2. The apparatus of claim 1, further comprising a fastening element, wherein the fastening element is operable to maintain the housing in a closed position.

3. The apparatus of claim 1, wherein the housing is of a generally clamshell configuration.

4. The apparatus of claim 1, wherein a port pin defines a socket that is sized and shaped to receive at least a portion of an electrically conductive test probe to electronically couple the test probe with the wire.

5. The apparatus of claim 4, further comprising a non-conductive capping device configured to be received by the socket.

6. A method for accessing an electrically conductive portion of a wire the method comprising: attaching a testing device to a wire, the testing device defining an access port aligned with the attached wire; inserting a port pin into the access port to a position where the port pin makes electrical contact with an electrically conductive portion of the wire; and electrically connecting a test instrument with the port pin to establish electrical connectivity between the test instrument and the electrically conductive part of the wire.

7. The method of claim 6, further comprising: disconnecting the test instrument from the port pin; and removing the port pin from the port.

8. The method of claim 7, wherein the test instrument comprises a test probe; and further comprising connecting the test instrument to the port pin by contacting the test probe with the port pin.

9. The method of claim 6, further comprising securing the testing device to the wire with a fastening device.

10. The method of claim 9, wherein the fastening device comprises a screw.

11. A system for testing wires, the system comprising: a wire comprising a metal conductor and a sheath of insulating material; and a testing device operable to be attached to the wire and provide access to the metal conductor through a port, wherein the port extends through a portion of the testing device.

Description:

CROSS-REFERENCE TO RELATED APPLICATION

This application claims the benefit of U.S. Provisional Application No. 60/648,331, filed Jan. 28, 2005, entitled “Electrical Test Lead Connector,” the disclosure of which is hereby incorporated by reference.

BACKGROUND AND SUMMARY

The present invention relates to methods and devices for measuring properties of electrical circuits.

Electrical testing involving wires has been accomplished in many different ways throughout the years.
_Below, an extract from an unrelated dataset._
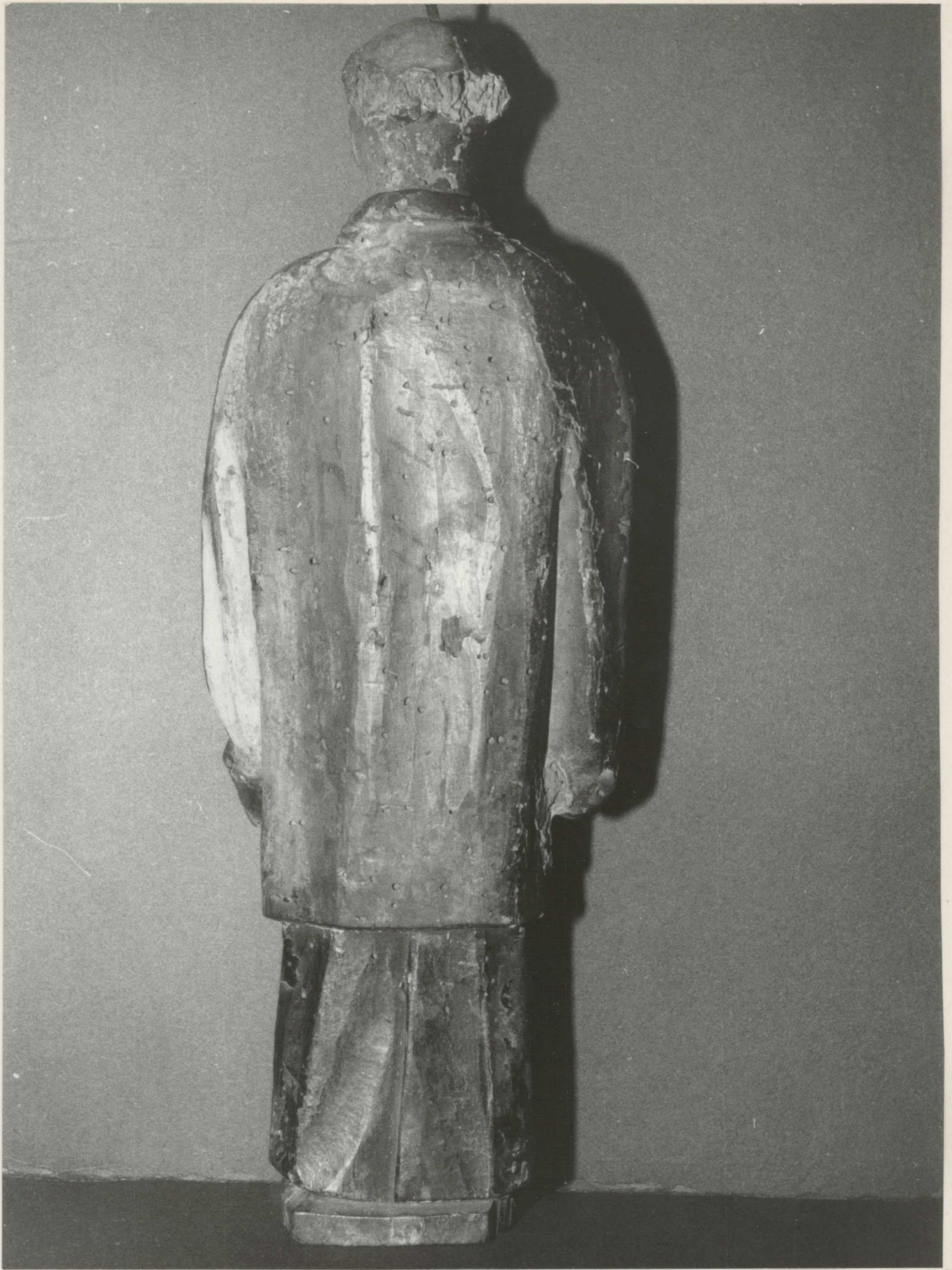
3. Afarontó rovarok kirepülő nyílásai a hátoldalon .

Oftentimes, a wire needs to be accessed by a testing instrument, such as a voltmeter. One of the ways this has been done has been to strip a portion of insulation that surrounds the wire, thereby revealing a segment of the inner conductive portion of the wire. Such inner portion is usually metallic in nature and the portion of the wire responsible for carrying electricity. A test probe can then be held against the exposed segment or, alternatively, a test lead clip can be attached to the segment. Such techniques have significant disadvantages, however, because they result in physical damage to the wire that is not easily fixable in that the stripped insulation usually cannot be readily replaced. Such techniques also lead to other issues. For example, holding a test probe against an exposed segment requires the devotion of one hand to that task while limiting the number of wires that a test probe may be coupled with. Test clips, once secured, may provide hands-free operation but typically are expensive and do not avoid the problems result when an area of insulation is removed.

Thus there is a need for an electrical test lead connector capable of providing convenient, non-destructive access to a wire to be contacted for testing purposes.

An improved testing device for connecting a test lead to a wire includes a housing that defines a port into which a port pin may be inserted to be electrically connected to the wire. A test probe may then be connected to the port pin, providing an electrical connection with the conductive portion of the wire and a voltmeter or other electrical measurement instrument.

BRIEF DESCRIPTION OF THE DRAWINGS

In the drawings:

FIG. 1 is an oblique view of a testing device attached to a wire.

FIG. 2 is a second oblique view of the device shown in FIG. 1, with a test lead inserted into a port that extends through a portion of the device to make electrical contact with the wire through the wire's insulation.

FIG. 3 is a vertical cross-sectional view of the device of FIG. 1 in an open position.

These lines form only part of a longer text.